No podía quedarse sentado ahí, sin hacer nada, sabiendo que CM estaba a punto de suicidarse porque él no le había entregado las cartas a PN, el hombre que ella amaba.
Caminó como loco alrededor del banco donde se había sentado. Por la frente le caía la transpiración y las manos le temblaban; se sentía culpable por adelantado de la muerte de esa mujer. Pensó que si CM dejaba en su casa alguna nota, la Policía descubriría que ella había mandado cartas, entonces irían a la oficina postal, ahí lo buscarían a él y llegarían a la conclusión de que nunca las entregó. Dudaba en poder convencer a la alguien que no había tenido manera de entregarlas. El solo hecho de pensar que iban a hacerlo responsable y culparlo del suicido de CM lo terminó de enloquecer. Pero lo que más le dolía era que el hijo de CM iba a quedarse sin madre, y además, al parecer, ya se había también quedado sin padre. Los pensamientos lo atosigaban sin descanso, bombardeándolo con acusaciones de las cuales no podía ni podría defenderse.
En medio de tanta duda y tanta vorágine, recordó la carta del chico a Papá Noel, y creyó que, si lograba encontrar a CM, podía hallar una solución para el paradero antes de que se suicidara.
Regresó a la oficina postal y entró como un bólido sin control, ante la sorpresa de todos. Revolvió los cajones con correspondencia, pero no halló la carta del chico. Fue directamente al mostrador, increpó a los despachantes, hostigándolos con preguntas a los gritos, para que le dieran datos del padre de ese chico que escribía a Papá Noel. Uno, mirándolo sin comprender la intempestiva, le dijo el nombre y le dio la dirección. Se llamaba Palmiro Nuncio.
La casa de PN quedaba a tres cuadras. El cartero salió corriendo de la oficina. Corrió hasta llegar a la puerta. Golpeó con violencia. Golpeó de nuevo y volvió a golpear, entre jadeos de cansancio y agotamiento, pero más por la desesperación. Un hombre abrió la puerta. Y al ver su imagen, la de un hombre vestido con uniforme del correo convertido en una miseria humana, lo miró de arriba abajo.
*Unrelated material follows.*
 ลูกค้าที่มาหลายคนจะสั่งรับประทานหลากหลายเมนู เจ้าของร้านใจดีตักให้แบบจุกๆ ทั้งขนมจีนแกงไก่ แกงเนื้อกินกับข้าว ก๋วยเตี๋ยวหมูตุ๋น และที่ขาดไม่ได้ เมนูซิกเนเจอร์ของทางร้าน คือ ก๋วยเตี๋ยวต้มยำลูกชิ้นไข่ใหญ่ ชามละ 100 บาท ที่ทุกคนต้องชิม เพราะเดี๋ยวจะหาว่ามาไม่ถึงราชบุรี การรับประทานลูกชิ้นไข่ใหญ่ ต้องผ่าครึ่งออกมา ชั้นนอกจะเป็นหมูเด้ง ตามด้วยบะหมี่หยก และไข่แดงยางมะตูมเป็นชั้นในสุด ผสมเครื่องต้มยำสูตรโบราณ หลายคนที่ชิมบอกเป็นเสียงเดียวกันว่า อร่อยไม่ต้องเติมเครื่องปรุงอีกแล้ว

Pedro le dijo que tenía que entregarle las cartas de su esposa, que no había comprendido a tiempo y que quizá fuera tarde, que debía detenerla antes de que se suicidara, que debía apurarse. El hombre lo atajó en sus brazos, cuando Pedro se cayó sin fuerzas.
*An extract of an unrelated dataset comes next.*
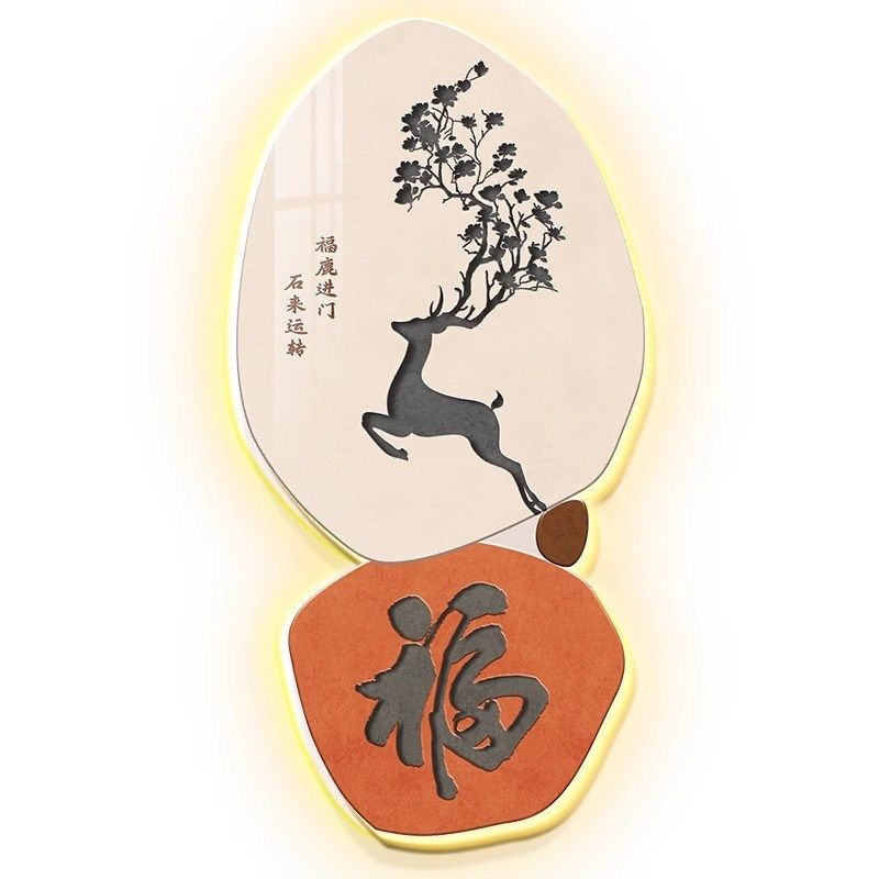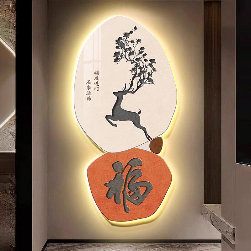 福鹿进门入户挂画LED带灯玄关高端装饰画2024新款正对墙客厅壁画 - 无怀居商城的小店5

Cuando recobró el conocimiento, Palmiro se hallaba delante de él, y a su lado, Candela Martino, su esposa. Pedro la miró dudando, le preguntó el nombre; y ella se lo dijo. Él, seguro de que había logrado salvarla, comenzó a reír. Rio, rio, y estalló en carcajadas. Con temor, Candela miró a Palmiro. El hombre supo que había tomado la decisión correcta.
Cuando los médicos se llevaron a Pedro con un chaleco de fuerza, les pidieron a Palmiro y a Candela que por favor avisaran de lo ocurrido a la oficina postal. Esa misma mañana, mientras Pedro estaba siendo internado, la pareja contó lo sucedido. La mujer que los recibió, Karina Montes, los escuchó con atención. Después, cuando la pareja se fue, Karina hizo una llamada por un teléfono confidencial, que usaba para comunicarse sólo con una persona. Y contó lo ocurrido. Patricio Normando, que se hallaba supuestamente de viaje, mientras escuchaba lo que su amante le contaba, se sintió estremecer. Se levantó de la cama de la casa de ella, se vistió como pudo y corrió a su casa.
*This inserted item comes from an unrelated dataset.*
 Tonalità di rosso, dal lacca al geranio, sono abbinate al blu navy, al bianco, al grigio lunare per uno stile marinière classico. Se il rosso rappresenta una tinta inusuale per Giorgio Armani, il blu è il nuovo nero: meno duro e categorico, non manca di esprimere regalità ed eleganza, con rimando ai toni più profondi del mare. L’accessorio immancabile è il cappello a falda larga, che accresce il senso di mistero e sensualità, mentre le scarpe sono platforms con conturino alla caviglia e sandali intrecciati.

Cuando llegó, la encontró en el estado de abandono que la había visto Pedro tres días antes. Vio una imagen reflejaba en el vidrio del ventanal del comedor; eso, un instante antes del disparo. Patricio cayó al suelo con una bala en su espalda. Cristina Mendía, su esposa, se acercó, lo dio vuelta con el pie, lo miró con odio y le disparó dos veces más, ahora en el pecho.